Fig 6.  Energy Blade ‘closed loop’ heat exchanger example 4-blade bank.  The Abbey will use pairs of blades in series in the Great Drain to fit in the narrow channel.   Fig 7.  Energy Blade example surface water installation in flow stream with weir to raise water level.   Fig 8.  Great Drain with water flowing at low level in invert of channel 7m below York Street.  Note raised walkway ledge along sides for access.   Fig 9.  Preliminary design drawing showing pair of Energy Blade heat exchangers submerged in raised water level in the Great Drain.
       
Fig 10.  3D view of Great Drain below York Street showing new weir plate (to right) and nominal 10nr pairs of Energy Blades (total 20nr) submerged in raised water level.

Numerous trials, investigations, and mock-ups have been carried out in the Great Drain.  Any works in the Drain are a challenge due to approvals, difficult access, confined space working, and high temperature and humidity environment. 

One important consideration is that the water flow in the Great Drain is only about 150-200mm deep.  Hence a key series of investigations during the design stage, carried out over a month-long period, were to investigate water flows and temperature, to install a mock-up pair of heat exchangers, and to install and refine a mock-up weir design to raise the water level in the Drain sufficient to submerge the heat exchangers whilst not flooding the upstream Roman Baths.

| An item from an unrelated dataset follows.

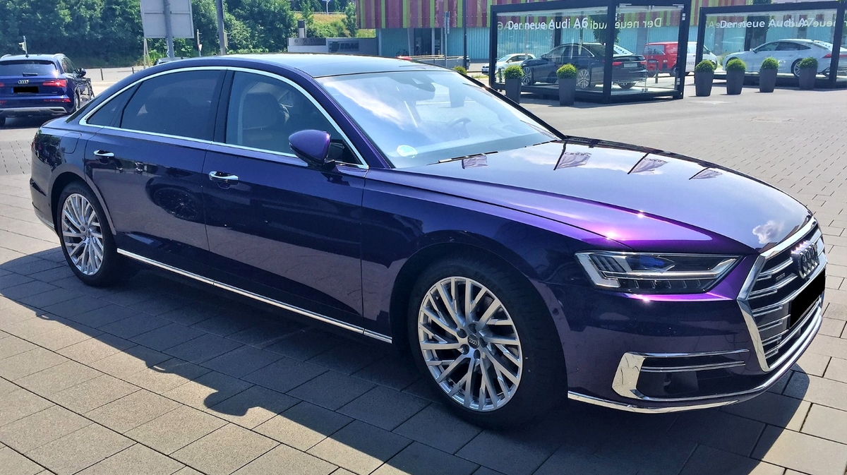 What you’re seeing here is a Velvet Purple exterior, courtesy of Audi Exclusive.The color is by no means new to Audi, but this is one of the few times we’ve seen it on the all-new A8. In fact, the only other time we saw this car wearing this particular shade of purple was during one of its first video reviews, last Autumn.

Further complexities have included working in a scheduled ancient monument area, archaeological investigations, obtaining numerous consents, and creating a new licence agreement between the Local Authority and the Abbey.  Environment Agency approval has not been necessary as only heat energy is being removed from the water, not the water itself, so not changing the overall flow rate.

The Footprint Project design started in earnest in 2010.  The project finally started on-site recently in Summer 2018 and should be complete around the end of 2020.  Heat recovery works in the Great Drain should commence in early 2019 with heat recovery starting later that year allowing time for commissioning and fine-tuning.

A similar scheme is also being developed in the Roman Baths to extract 80kW of energy - the Abbey and Roman Baths projects being deliberately separate but still mutually compatible.

 

     
Fig 11.  Roman Baths hot spring water fountain showing silt, scale, and algae growth in the daylight.  Fig 12.  Roman Baths abandoned heat recovery system filter showing silt build-up causing complete blockage.
         
Fig 13.  York Street access manhole in parking bay outside ice cream shop showing typical parking bay closure arrangement. Temporary barriers required around area during works. Fig 14.  York Street access manhole typical tripod and winch set-up for man access, and for all equipment and materials, during installation as well as for maintenance and future replacement.    
     
Fig 15.  Weir plate plywood mock-up showing rectangular overflow and orifice underflow.  Fig 16.  Weir plate mock-up in Drain channel with view looking downstream.  Note high humidity steaming up camera.
     
Fig 17.  Plywood mock-up of pair of 2400x350mm Energy Blade heat exchangers.  Heat exchangers slightly angled for mock-up, but subsequent design based on completely parallel.     Fig 18.  Great Drain below York Street typical view.
       
Fig 19. Extract from work in progress design drawing showing the weir plate preliminary details.     Fig 20. Extract from preliminary design drawing showing a pair of Energy Blade heat exchangers submerged in raised water level in the Great Drain.